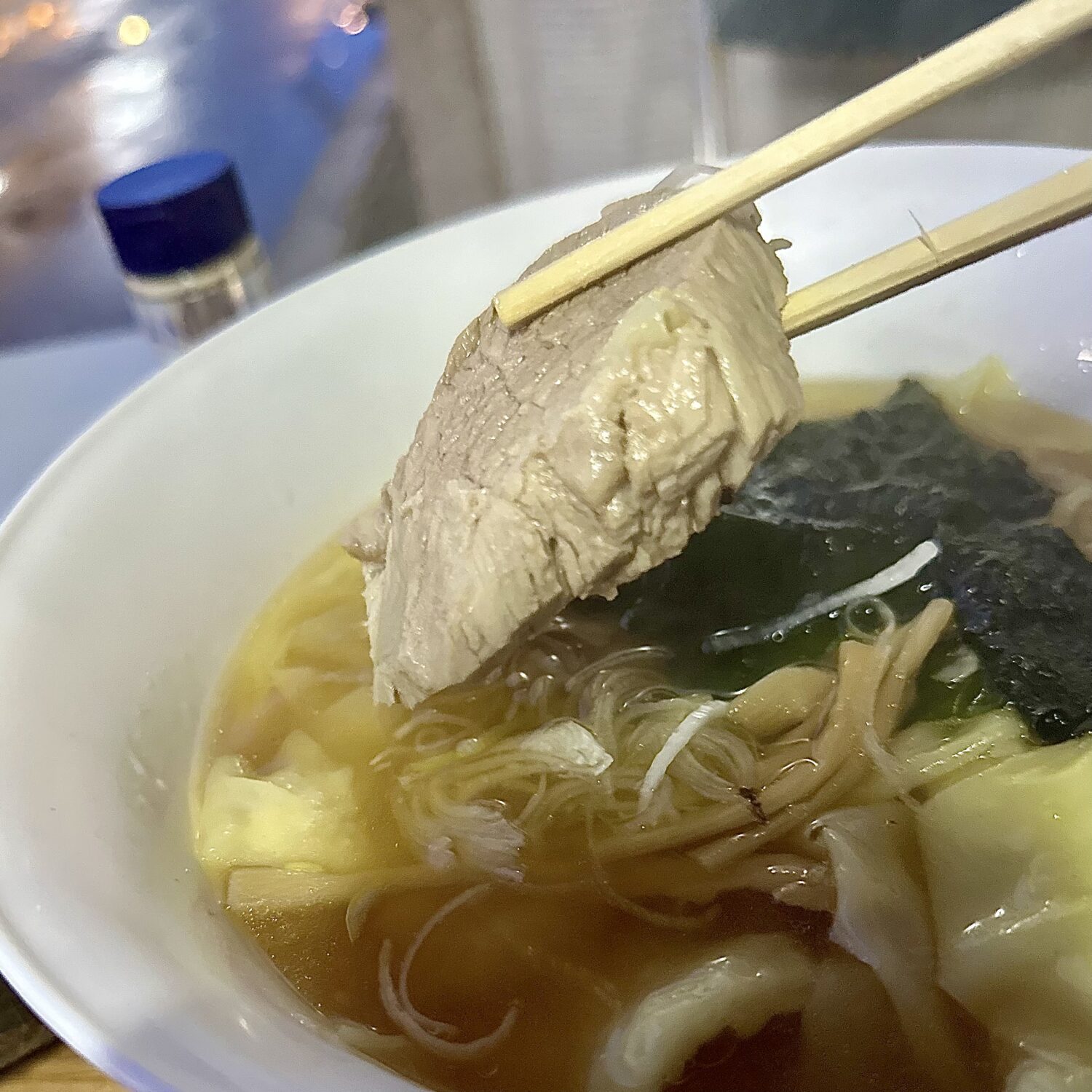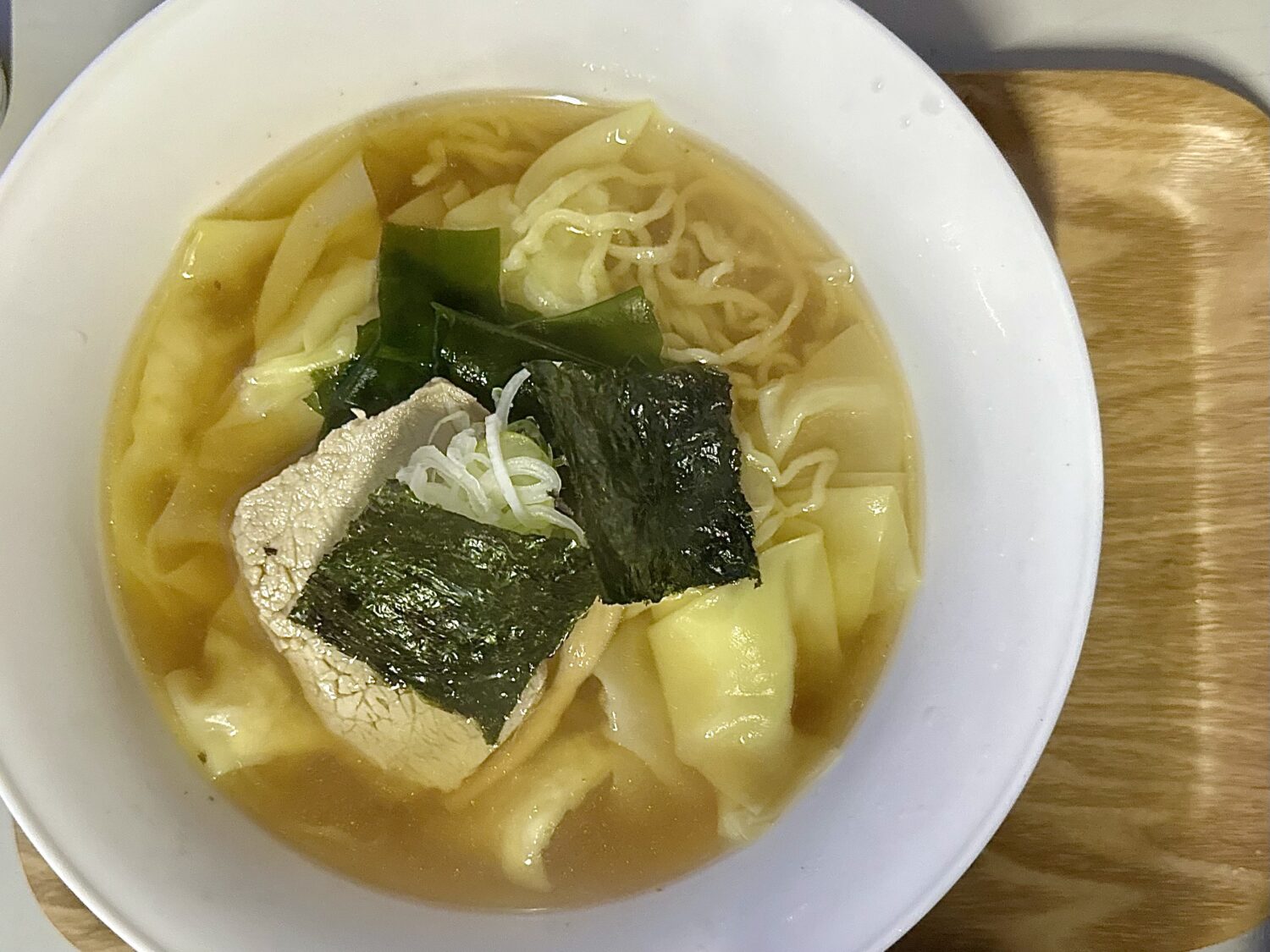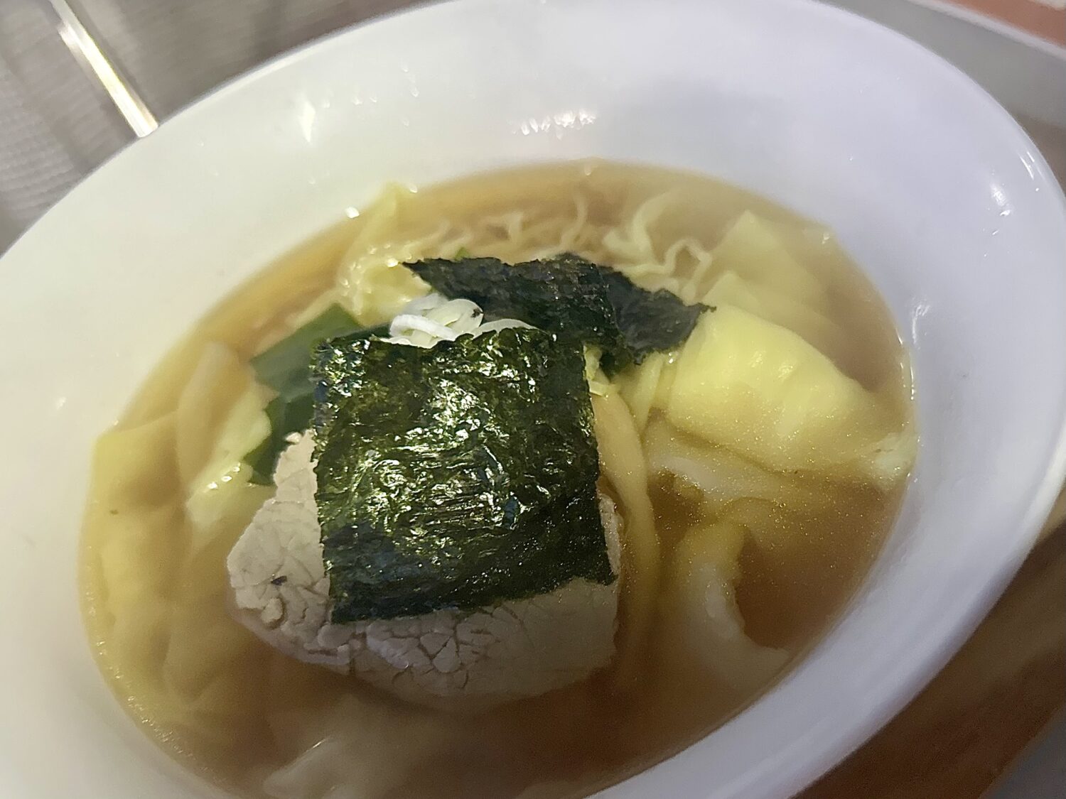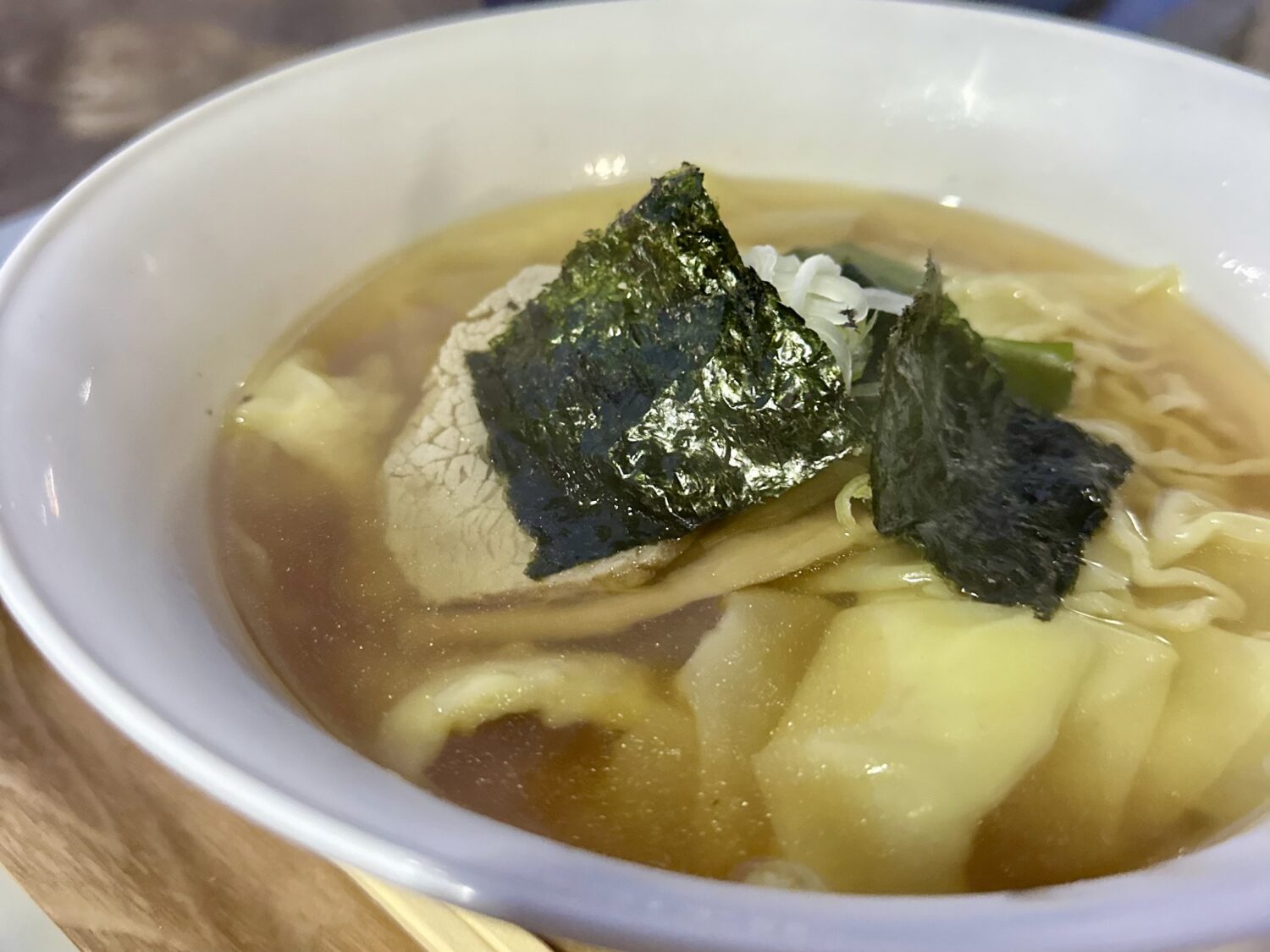澄んだスープにチャーシュー1枚とネギ海苔ワカメ、そしてスープに透けて見えるワンタン数個
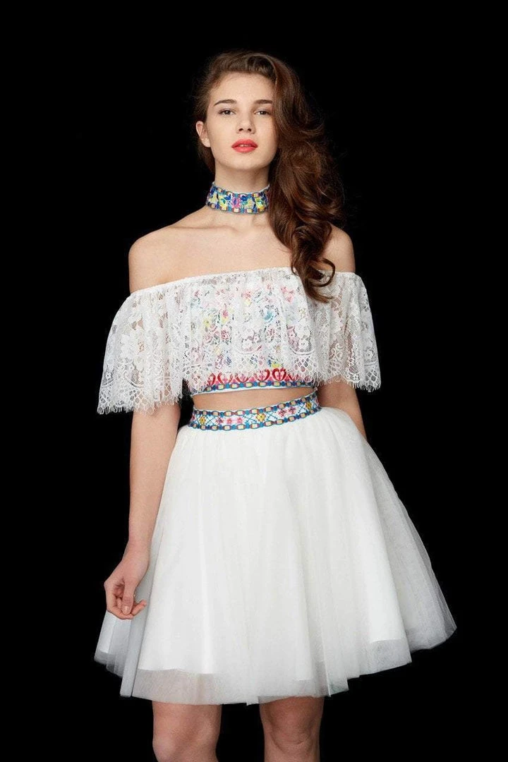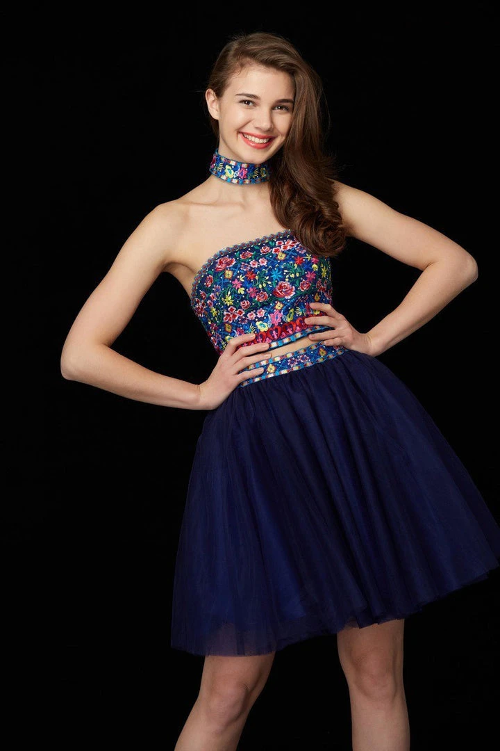 Look immaculately stunning in this bohemian-inspired Angela & Alison 72022 creation. Unveiling a spectacularly vibrant spectacle of floral embroidery festooned on this lavish piece, this knockout has an embellished choker, a strapless straight-across neckline and a mid-open back on a cropped top. Embraced along the natural waist with a vividly ornamented band, the tulle layered skirt flares in lovely pleats that completed at a short hemline. This ensemble has a sheer intricate lace with scalloped hem that can be overlaid to mimic an off-shoulder style. Showcase your brilliant fascination with free-spirited style in this gorgeous Angela & Alison masterpiece.
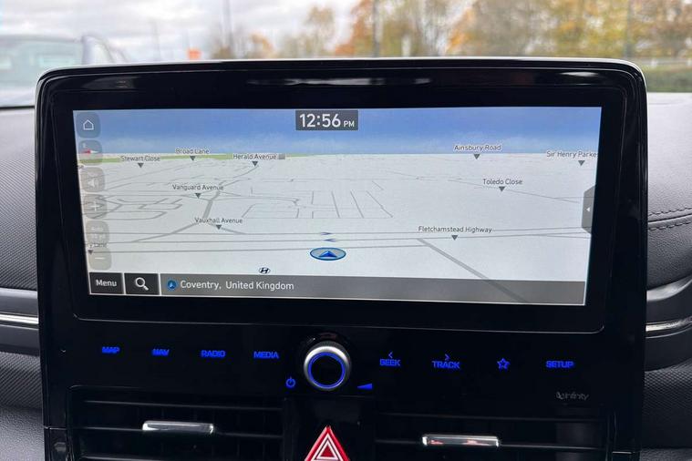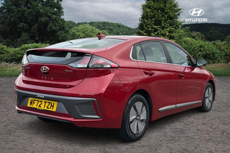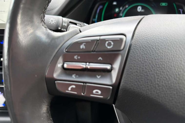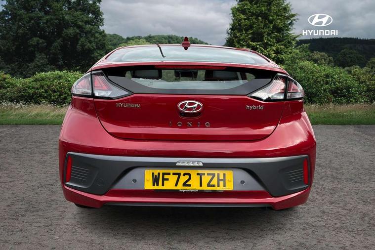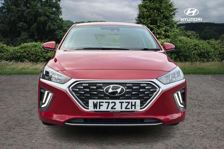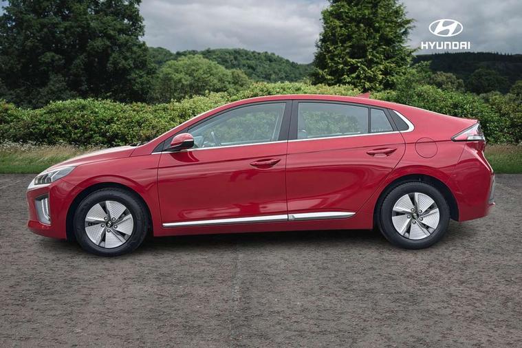 10.25" touchscreen satellite navigation includes traffic messaging channel, mapcare, live services and bluelink, Apple car play/Android Auto, Bluetooth system, Cruise control, Driver attention alert system, E-call, Eco driving assistant system (ECO DAS), Electric power steering with variable drive modes, Gear lever drive mode selector, Lane departure warning system with lane keep assist - LKAS, Parking Brake - Foot Brake, Parking system with rear camera and guidance system, Rear parking sensor, Rear view monitor, Roadside assistance, Supervision cluster with 7" high resolution TFT LCD, Voice recognition, Windscreen washer fluid sensor and warning indicator, Wireless phone charging pad, DAB Digital radio, Infinity sound system includes 1 centre, 2 tweeters, 2 front, 2 rear and 1 ext amp, Radio data system, Steering wheel audio, phone and cruise controls, USB and aux connection in front, Active air flap radiator grille, Auto dimming rear view mirror, Automatic headlights with dusk sensor, Body colour bumpers, Body colour door handles with chrome inserts, Body colour door mirrors, Bodyside mouldings, Chrome door scuff with ioniq logo, Chrome finish window surround, Chrome radiator grille, Door mirror puddle lights, Electric adjustable door mirrors, Electric front windows - anti trap + one touch, Electric heated door mirrors, Heated rear windscreen, High beam assist, LED daytime running lights, LED Headlights, LED indicators in door mirrors, LED rear fog light, Positioning Lights - LED, Power folding door mirrors, Rain sensor, Rear electric windows, Rear LED lights, Rear roof spoiler with integrated LED brake light, Rear side wing doors, Rear wiper, Solar glass with windscreen shade band, Tinted windows, Two tone rear bumper, Variable front intermittent wipers, 12V power outlets, 3 rear seats, 60/40 split folding rear seat, Centre console storage, Centre interior light, Chrome interior door handles, Cloth upholstery, Driver seat height adjust, Driver's electric adjustable lumbar support, Driver/passenger sunvisors with illuminated vanity mirrors, Dual zone climate control, Front centre armrest with storage compartment, Front cupholder, Front head restraints with vertical and horizontal adjustment, Front seat and rear pockets, Heated front seats, Heated steering wheel, Illuminated luggage compartment, Interior mood lighting, Leather wrapped steering wheel, Luggage net, Manual height adjustable front passenger seat, Map and reading lights, Paddle shifter, Rear centre console with air vents, Single front passenger seat, Sunglasses holder, USB - driver arm rest (charging only), Vertical adjustment rear head restraints, 3x3 point rear seatbelts, Airbags - front, front side, curtain and drivers knee airbags, Anti-lock brake system (ABS), Autonomous emergency braking, Electronic stability control, Front passenger airbag deactivation switch, Hill start assist control (HAC), Manual child lock in rear doors, Regenerative braking system, Traction control, Tyre pressure monitoring system with individual tyre pressure display, Deadlocks, Immobiliser, Keyless smart entry with push button start, Remote central locking, 15" Design B alloy wheels, Tyre repair kit,

What you should do — The response should consist of the lines above from the first through the one containing "Look immaculately stunning", transcribed exactly, with every picture left out.

Solution for this task —
澄んだスープにチャーシュー1枚とネギ海苔ワカメ、そしてスープに透けて見えるワンタン数個
 Look immaculately stunning in this bohemian-inspired Angela & Alison 72022 creation. Unveiling a spectacularly vibrant spectacle of floral embroidery festooned on this lavish piece, this knockout has an embellished choker, a strapless straight-across neckline and a mid-open back on a cropped top. Embraced along the natural waist with a vividly ornamented band, the tulle layered skirt flares in lovely pleats that completed at a short hemline. This ensemble has a sheer intricate lace with scalloped hem that can be overlaid to mimic an off-shoulder style. Showcase your brilliant fascination with free-spirited style in this gorgeous Angela & Alison masterpiece.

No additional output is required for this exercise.